Belor leveled his eyes at me. “It mentions you,” he said, handing me the gory note.


‘Sivoulette - You will learn to love me, desire me in time as she did. Give yourself to the Pack and it shall all end. – Your Lordship’


Shock. My mother flashed before my eyes and gooseflesh rose on my arms. I felt nauseous and wavy. Shaiira gripped a shoulder, Vohoi the other. Deputy Guber then burst into the office, disregarding our presence. “Sheriff, another pair of victims at the mill-“ his faucet was shut off by Belor’s stony gaze.
“Let’s see the mill first,” I said.


“Agreed,” C consented. As I followed Belor to the mill, I felt the ground swell with feet behind me. I smiled, terrified.
 

soanso

First Post
Thanks for hanging on! A quick real-life intrusion on Soanso's Fireside Chat.

Soanso here, playing Sivoulette (Siv) the bard, our narrator.

Siv is completely competent in her abilities, but completely unsure about her life choices. She has seen her family killed at the hands of giants. She has seen her mother's grave in Sandpoint, and then met her half-elf half-sister shortly thereafter. As a spectator, she was drawn in with a rag-tag group of like-minded suicidally-prone individuals when goblins fire-bombed Sandpoint. facing many pivotal moments, she has once and again treated her companions as family, fighting alongside them for what is right; the freedom of Sandpoint from evil. The party has jelled, especially adding Noria as a second big hitter. With the addition of the pally, the bard and rogue could dial down their melee chances to focus better on their class niches.

The Party is about 4-5th level:

Mundin, Dwarf two-axe fighter
Noria, Dwarf Paladin of Sarenrae
Shaiira, half-elf rogue
Caramour, 'C' to his mates, cleric of The Free Hand (Good)
Vohoi, electric sorcerer
Sivoulette (Siv) bard

Sunday/Monday expect another post to get us current!

- Soanso
 

soanso

First Post
Whoa, I missed a small detail that jars the narrative. At the beginning of this last installment, a few sentences are missing. for clarity:

[We crept through the room.]

"We decided there was no new threat in the seaside cave nor anything significant to gain from the macabre scene aside from a suit of magic hide armor on the goblin corpse, and headed back to the room where we met the scholar. After a thorough search, Shaiira and I outlined a secret door."

["Got it!"...]
 

soanso

First Post
Tangled Threads

“What was that?” I asked as we made our way to the sawmill. I was just behind Gomer and Belor, who were talking in hushed tones. At my back C, Shaiira, Mundin, Vohoi and Noria kept pace. The open road will wait, she always does.

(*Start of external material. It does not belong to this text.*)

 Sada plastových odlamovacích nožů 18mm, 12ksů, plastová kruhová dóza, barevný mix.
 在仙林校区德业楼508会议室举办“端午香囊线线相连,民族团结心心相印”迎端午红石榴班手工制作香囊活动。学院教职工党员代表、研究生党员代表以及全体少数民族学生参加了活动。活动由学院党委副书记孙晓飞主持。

“Again please, Sheriff? If we are to help I’ll need to know why you two whisper so.” I had heard them plainly, but hearing and knowing are two sides of one coin. Best hold both sides, PopPop would say. “What of this ‘late unpleasantness’?”

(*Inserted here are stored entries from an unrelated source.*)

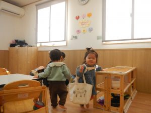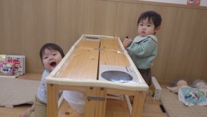 友達の存在にも気づき始め、近づいたり笑い合ったりと同じ空間を楽しむ様子があり、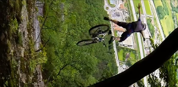Whaaat? We've seen this done on skis but this has to be a first base jump on a mountain bike...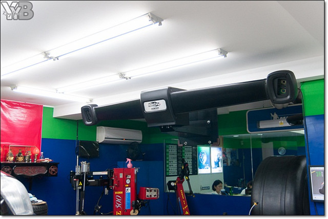 這機器好厲害,把輪胎放上去旋轉一下就知道要配多重的鉛塊~

I watched the men exchange muted glances as their tongues slowed.


“I can turn round and simply ask my fans at the Dragon,” I offered. A few days past my arrival at the Rusty Dragon, I had taken to entertaining late night patrons by the fireside with the tales of my youth, of Varisian folktales, and of myths older than Varisia itself. In turn, I’d gleaned some favors and information from them.


“There hasn’t been such a disturbance in Sandpoint since then,” Belor replied. “An eccentric woodcarver by name of Jervis Stoot turned out to be a serial killer.”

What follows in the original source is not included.